Маи знала номер телефона родителей Рюдзи и могла в любой момент им позвонить, но ей было стыдно просить его маму, чтобы та пришла за ней на станцию. Ей ничего не оставалось, кроме как довериться своей интуиции. Она знала, что их дом где-то недалеко. В прошлый раз она дошла до станции минут за десять.
Неожиданно перед ее глазами всплыло лицо Андо. Он пригласил ее поужинать в пятницу в ресторане, и она согласилась. А теперь вдруг подумала, что, может быть, и не стоило соглашаться. Она уже жалела о том, что приняла его приглашение. Андо был для нее прежде всего другом Рюдзи. Человеком, с которым она могла поделиться воспоминаниями о покойном.
Маи вынуждена была признаться самой себе, что, соглашаясь на совместный ужин, она в некотором роде преследовала корыстные цели – ей хотелось как можно больше узнать о студенческих годах Рюдзи. Маи надеялась, что истории, которые она услышит от Андо, позволят ей проникнуть глубже в непостижимый внутренний мир Рюдзи Такаямы.
Но вдруг Андо рассчитывает на то, на что обычно рассчитывает мужчина, приглашая красивую женщину в ресторан? Такое развитие событий Маи совершенно не устраивало. Она еще на первом курсе уяснила для себя, что мужчины и женщины обычно желают совершенно разных вещей. Лично она всегда стремилась к отношениям, основанным на дружбе и интеллектуальном взаимообогащении, однако интересы ее друзей мужского пола в конечном итоге всегда оказывались сосредоточенными, как говорится, ниже пояса. Поэтому каждый раз ей приходилось прерывать отношения, и каждый раз она старалась делать это как можно более мягко.
Однако каким бы мягким ни был разрыв, после расставания с очередным поклонником Маи всегда чувствовала себя вымотавшейся и была на грани нервного истощения. Что же касается ее партнеров – их последующее поведение было просто невыносимым. Они писали ей длиннейшие, на десяток страниц, письма с извинениями. Но это только ранило ее еще больше.
Некоторые пытались просить у нее прощения «за то, что произошло» по телефону, хотя Маи вовсе не ждала от них раскаяния. Она надеялась, что горький опыт научит их чему-нибудь, заставит повзрослеть. Ей хотелось хоть раз увидеть такого мужчину, который сумел бы обратить свой позор в импульс для дальнейшего развития. Мужчину, который поднялся бы над самим собой и стал зрелой личностью. Маи верила, что, будь среди ее поклонников такой человек, она, не колеблясь, подарила бы ему свою дружбу.

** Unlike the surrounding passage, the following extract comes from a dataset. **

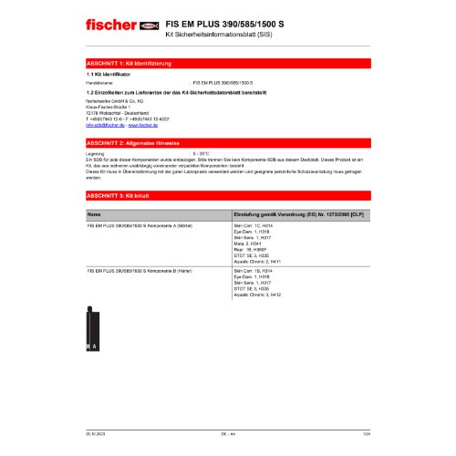 | Variante: | Fischer Epoxidharzmörtel FIS EM Plus 1500 S |

Но быть подругой инфантильного, не желающего взрослеть человека с неокрепшей душой ребенка – выше ее сил.
Единственным мужчиной, с которым у Маи сложились серьезные отношения, был Рюдзи Такаяма. Он разительно отличался от мечтательных юношей, летевших к Маи со всех сторон, как мотыльки на свет. Их общение было бесценным для них обоих. Если бы Маи могла знать наверняка, что ее отношения с Андо будут такими же, как с Рюдзи, она бы согласилась ужинать с ним сколько угодно раз подряд. Но по своему собственному опыту она знала, что это маловероятно. К сожалению, встретить взрослого японца, достойного по праву называться мужчиной, почти нереально. Но тем не менее она не могла выбросить Андо из головы.
Как-то раз Рюдзи упомянул Андо в разговоре. Они тогда говорили о генной инженерии, но в какой-то момент Рюдзи отвлекся и рассказал Маи историю, в которой фигурировал Андо.
Помнится, Маи сказала, что плохо понимает разницу между ДНК и генами. «Разве это не одно и то же?» – спросила она у Рюдзи, и в ответ на это он объяснил ей, что ДНК, по сути дела, является уникальным химическим материалом, который несет в себе наследственную информацию, а ген – это всего лишь частица этой бесценной информации. Рюдзи также сказал, что существует специальная технология расщепления ДНК на отдельные сегменты с помощью катаболических энзимов. Но самым удивительным было то, что эти сегменты можно было соединить заново, но уже в другом порядке.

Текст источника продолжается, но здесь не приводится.